Dubai: Surging oil prices that have been fluctuating in the danger zone between $115 (Dh422) and $120 per barrel over the past few days, combined with rising food and commodities prices, could push inflation and affect the global economic recovery.

Brent crude for April settlement increased 17 cents to $115.59 a barrel on the London-based ICE Futures Europe exchange. Record-breaking gold leapt as high as $1,438.30 per ounce on the London Bullion Market.

Spreading unrest in Libya may have shut in as much as 850,000 to 1 million barrels a day of the country's output, according to the International Energy Agency. Oil price could surge closer to the record high level of $147 if major oil producers stick to their production quotas and fail to reduce the gap left by the crisis in Libya.

Dominique Strauss-Kahn, head of the International Monetary Fund (IMF), said the economic recovery may be affected if oil prices remain high.

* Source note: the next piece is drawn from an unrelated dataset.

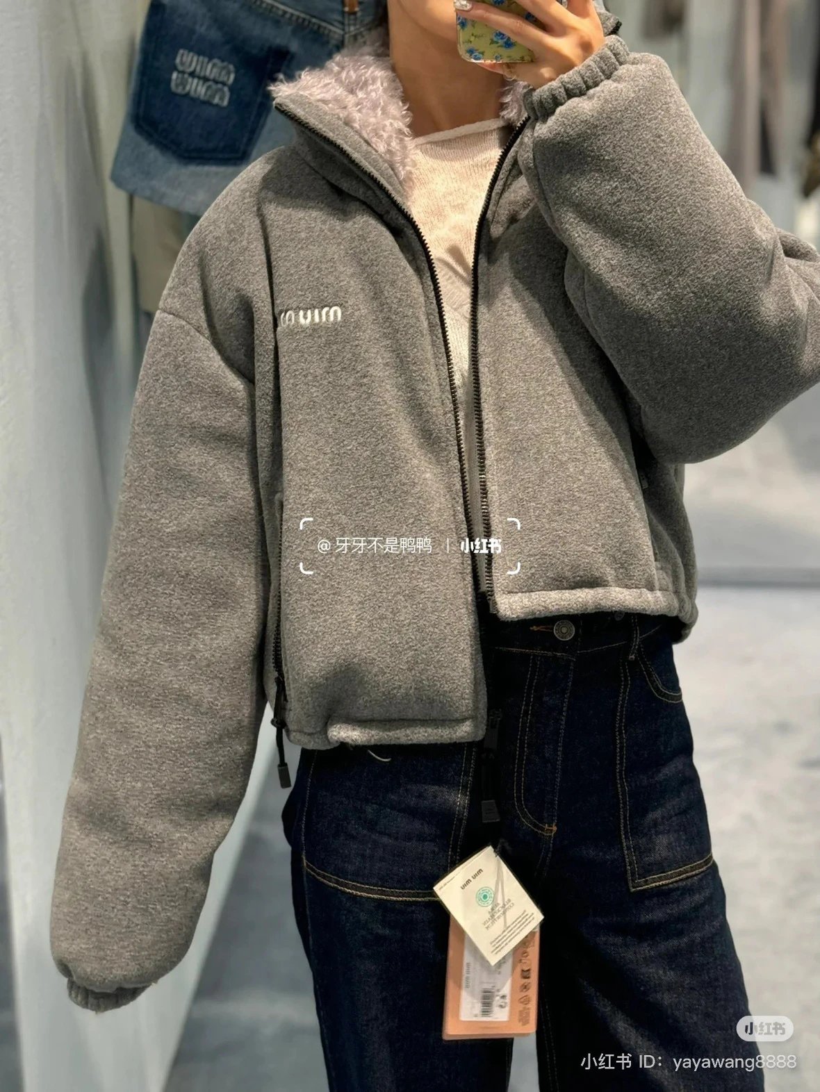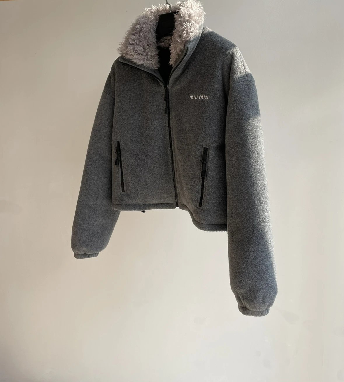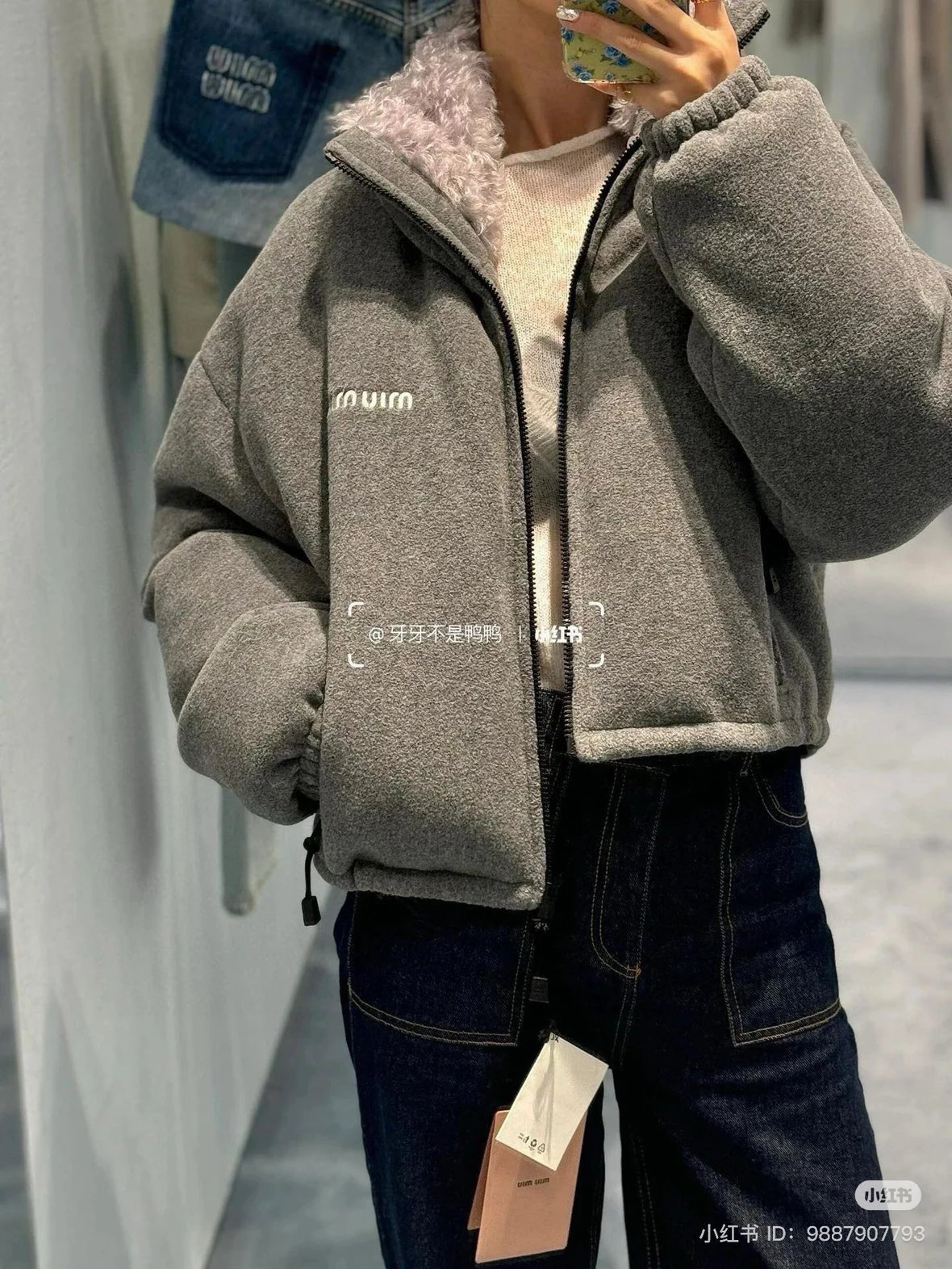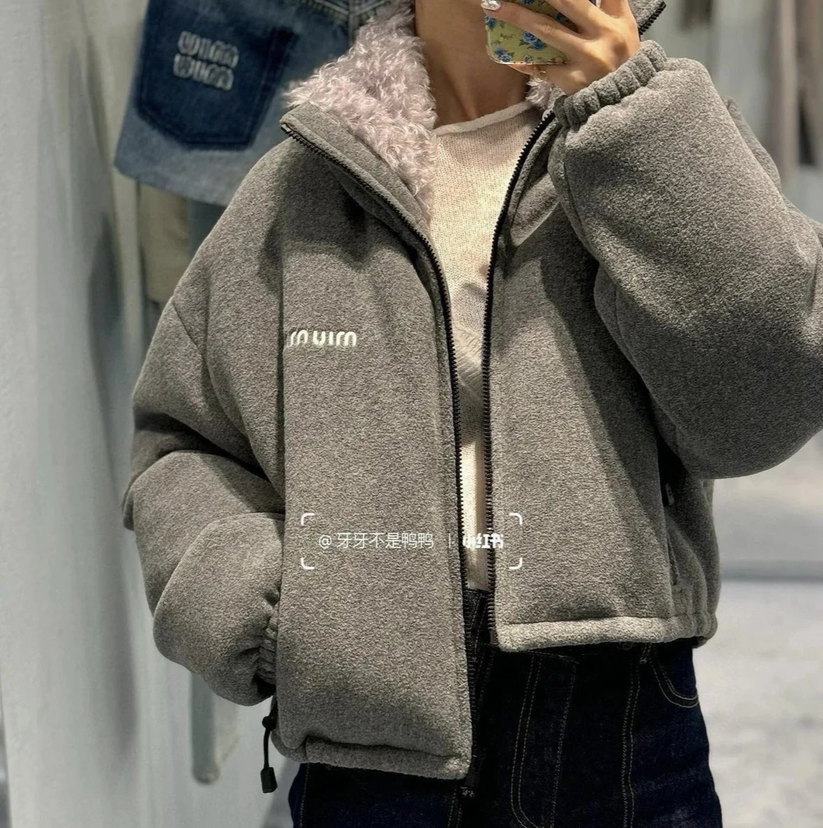 重磅渠道 miu摇粒绒毛领鹅绒服 白鹅绒短款羽绒服 皮草翻领
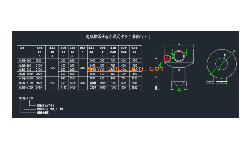 筑图网提供碳钢机械旋流沉砂器CAD图,旋流沉砂器是一种利用机械力控制水流流态与流速的物理沉砂装置,主要用于城镇污水处理及工业废水预处理,属于污水处理的物理沉砂设备 。它一般用于城市生活污水处理厂的初沉池前,细格栅之后,分离污水中的较大无机颗粒。

"If the oil price remains high for a long time it may affect the recovery, but if it's something that lasts for a couple of weeks the world will be able to handle the situation," Strauss-Kahn said in a speech yesterday.

An increase in Iraqi production also has the potential to radically shift the global outlook for global oil markets and the world economy.

Iraq could steady scene

A 2.5 to 3.5 million bpd increase in Iraq's oil production could counterbalance all of Opec's output quota cuts since 2008.

"If Iraq is able to achieve even half of the production increases officially targeted it could potentially reach 5-6 million bpd of production within the next ten years, benefitting both Iraq and the global economy," Badr Jafar, executive director of the Crescent Group of Companies, explained.

Srinath Manda, programme manager, transportation and logistics practice, Middle East, North Africa and South Asia, Frost & Sullivan, told Gulf News, "The ongoing protests against governments in the Middle Eastern region are likely to have multi-fold negative impact on the transportation and logistics sector in the region and across the world.

"While the disruptions in output in key oil producing nations such as Libya and Oman would first affect the crude oil freight service providers immediately, the subsequent price rise and shortage of fuel supplies in the consuming markets would lead to steep inflation and destabilisation of economies and thereby seriously affect the transportation and logistics service providers too."

GCC's burden

An oil price hike is a double-edged sword for the GCC states. Although inflationary pressures remain a concern, for every dollar increase in oil price, the collective GDP of the GCC states increases by $1 billion, according to estimates.

The IMF reckons MENAP oil exporters' fiscal and external balances will improve markedly in response to rising oil prices — up from $76 in 2010 and $79 in 2011 and oil production levels.

"The combined external current account surplus of these countries is expected to increase to $120 billion in 2010 and $150 billion in 2011 from $70 billion in 2009," IMF said in a recent report.

In the GCC alone, the improvement is estimated at about $50 billion from 2009 to 2011. Oil GDP growth—projected at 3½-4½ per cent in 2010 and 2011—is likely to stay below pre-crisis levels.

Fuel is estimated to account for almost half of the operating cost for a transportation service provider. "Considering that the crude oil price has risen by above one-third of its value between end of December 2010 and early March 2011, assuming even if half the proportion of this rise is passed on to retail markets, it would result in a significant level of burden on the economy," Manda said.

Saj Ahmad, UK-based aviation analyst with FBE Aerospace, said, "We'll see air fares rise, fuel surcharges and baggage fees all steadily rise."